Nathan Ma – Contributor

It’s been a disastrous season for the Canucks and their fans. With figurative hearts and literal lungs scarred through a combination of sharp regression in team performance and the worst COVID-19 outbreak for a sports organization since the start of the pandemic, our attention now shifts to the off-season.

Emerging relatively unscathed is general manager Jim Benning. It seems a year of distractions and a month of passable Canucks hockey is enough for owner Francesco Aquilini to give Benning his eighth kick at the off-season can.

First on the docket: resigning impending RFAs and franchise linchpins Hughes and Petterson. After the expansion draft/potential buyouts, I roughly estimate $17 million in cap space to lock up Hughes/Petterson and plug a hole or two in the bottom-six defence corp.

I think Hughes is the priority sign here and could see the Canucks going long-term with a five or six-year deal that takes him right to UFA eligibility. The obvious contract comparables are Thomas Chabot and Alex Pietrangelo, though Chabot’s deal was signed prior to the pandemic radically altering salary cap projections. Hughes has no negotiating leverage, can’t sign an offer sheet, and is better than Chabot, so let’s roll with a five-year deal for $42 million ($8.2 AAV).

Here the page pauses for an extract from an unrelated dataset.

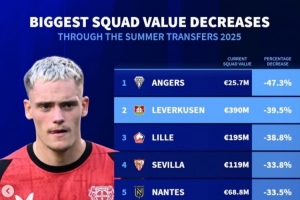 体育资讯9月7日讯 《转会市场》统计了今夏转会窗过后的总身价下降比例情况,昂热居首,法甲7队在列。

I think Pettersson gets a bridge deal similar to Matthew Barzal, with slightly more money. Pettersson was excellent in the playoffs last summer, and with any luck, the Canucks might make it back before his three-year, $22.5 million ($7.5 AAV) extension runs out.

Aidan Serra – Contributor

First and foremost, you must consider; J.P. Barry and Pat Brisson at CAA are the agents for both Pettersson and Hughes. While many would argue that Pettersson’s value is above that of Hughes, expecting both to ink identical contracts would be a realistic prediction.

As of right now, the Canucks have just under $17 million in cap space for next season. That’s an issue. If Pettersson and Hughes are going to sign long-term contracts, you should think that Barry and Brisson won’t let Benning get them for anything under eight million dollars annually.

Sixteen million dollars between Hughes and Pettersson gives Benning very little to work with to re-sign other pending free agents (including Alex Edler, Travis Hamonic, Brandon Sutter, Kole Lind, and Olli Juolevi) or even look elsewhere to upgrade the rest of the team.

The answer? Bridge deals.

Look at Matthew Barzal’s or Brayden Point’s bridge contracts. Barzal signed a one-year, $7 million deal, while Point’s paid him $6.75 million per year for three seasons. With Benning’s hands tied due to their short-term cap crunch, Benning won’t have a choice.

My prediction: Hughes and Pettersson get identical three-year, $20-21 million contracts. The deal would expire in the 2024-25 offseason, one year after Miller and Horvat’s, and two years after Boeser’s. The only current Canucks that will be under their current contract by then are Nate Schmidt and Demko.